# will you take the puppy if .. ??



## bmw_328ci (Mar 11, 2010)

Hi,
I am from Bahrain and we dont have good breeders here.Yesterday I went to see some puppies they were 2 months old,and since I dont have any previous experience they were in good shape according to me.they were clean,not afraid from strange poeple and the one that i was interested in started to follow me everywhere and she was playing with the rest.The problem is that I didn't see the father and the mother was in bad shape and I didnt trust the man who want to sell them.If you were in my shoes are you going to buy the puppy?
( I am not a veterinarian but I am a doctor MD so when I examined the puppy I haven't see any problem with him)


----------



## frenchie27 (Jan 12, 2008)

Why was the mom in bad shape? Probably because she has had too many litters too soon? If I were you, I would buy the puppy. That dog is probably better off with you than that man. I would follow my gut, if the puppy had "chemistry" with you, then it's telling you something. Give that pup a great life. That's my advice.


----------



## bmw_328ci (Mar 11, 2010)

frenchie27 said:


> Why was the mom in bad shape? Probably because she has had too many litters too soon? If I were you, I would buy the puppy. That dog is probably better off with you than that man. I would follow my gut, if the puppy had "chemistry" with you, then it's telling you something. Give that pup a great life. That's my advice.

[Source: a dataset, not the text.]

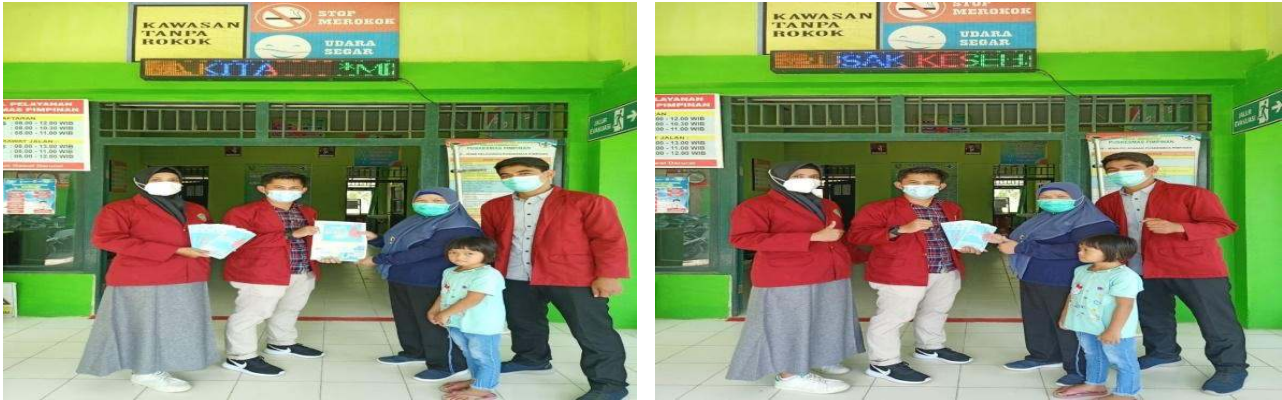
Gambar 4. Peyerahan Leafleat dan brosur kepada Puskesmas Pimpinan

Kegiatan penyuluhan tentang Penyakit Hipertensi di Puskesmas Pimpinan sangat penting dilakukan sebagai upaya untuk meningkatkan pengetahuan pengunjung tentang penyakit hipertensi. Hasil kegiatan pengabdian yang dilakukan oleh tim sejalan dengan beberapa kegiatan pengabdian berupa penyuluhan kesehatan tentang penyakit hipertensi yang menunjukkan adanya peningkatan pengetahuan tentang pencegahan penyakit hipertensi (Sofiana, et al., 2018; Isnaini dan Purwito, 2019; Mahadewi, et al., 2021). Penyuluhan kesehatan tentang penyakit hipertensi diperlukan sebagai upaya pencegahan dari penyakit hipertensi. Kesadaran untuk pencegahan penyakit hipertensi ini masih rendah hal ini Didukung dengan evidence based penelitian yang sudah dilakukan terkait dengan metode penyuluhan efektif dalam meningkatkan pengetahuan kelompok sasaran.

The mother was skinny, not cleaned and may be he don't give her enough food.
Thanks for your advice.


----------



## sherif65 (Mar 10, 2010)

bmw_328ci said:


> Hi,
> I am from Bahrain and we dont have good breeders here.Yesterday I went to see some puppies they were 2 months old,and since I dont have any previous experience they were in good shape according to me.they were clean,not afraid from strange poeple and the one that i was interested in started to follow me everywhere and she was playing with the rest.The problem is that I didn't see the father and the mother was in bad shape and I didnt trust the man who want to sell them.If you were in my shoes are you going to buy the puppy?
> ( I am not a veterinarian but I am a doctor MD so when I examined the puppy I haven't see any problem with him)


I just bought one 2 days ago and i saw her father and mother...if you want , kuwait is just 45 min. away...can get you a very good one...i know the breeder and took from him 2 dogs...excellent puppies...look at my dogs pics and tell me your opinion.


----------



## crs996 (Sep 19, 2001)

frenchie27 said:


> Why was the mom in bad shape? Probably because she has had too many litters too soon? If I were you, I would buy the puppy. That dog is probably better off with you than that man. I would follow my gut, if the puppy had "chemistry" with you, then it's telling you something. Give that pup a great life. That's my advice.


Yipes, that sounds like puppy mill rationale. The only way to stop irresponsible breeders is by ceasing to make it profitable for them. I would not buy a dog from someone where you don't have solid information about the parents, their health, titles, hips, etc. It may save the pup but you may be stuck with a nightmare situation for many years.


----------



## bmw_328ci (Mar 11, 2010)

sherif65 said:


> I just bought one 2 days ago and i saw her father and mother...if you want , kuwait is just 45 min. away...can get you a very good one...i know the breeder and took from him 2 dogs...excellent puppies...look at my dogs pics and tell me your opinion.


You have a beautiful puppies there:wub::wub:.I have to ask first about Importing the puppy can you send me your e-mail or mobile by PM.
Thank you.
(And by the way Kuwait is 4 hours from Bahrain  )


----------



## Emoore (Oct 9, 2002)

crs996 said:


> I would not buy a dog from someone where you don't have solid information about the parents, their health, titles, hips, etc.


From the original post it sounds like that may not be available in Bahrain.


----------



## selzer (May 7, 2005)

if the puppies look good, chances are the dam is just out of condition. how thin is she? frankly, too many people think fat dogs are correct. 

out of coat and a little thin would not stop me.

but, if i felt she was mistreated in any way, i would not support his operation with money. it is not so much what she may be afflicted with down the road, any dog you get will have issues, but it is the treatment of the dam, and other dogs the breeder will continue to breed if he is making money on them.


----------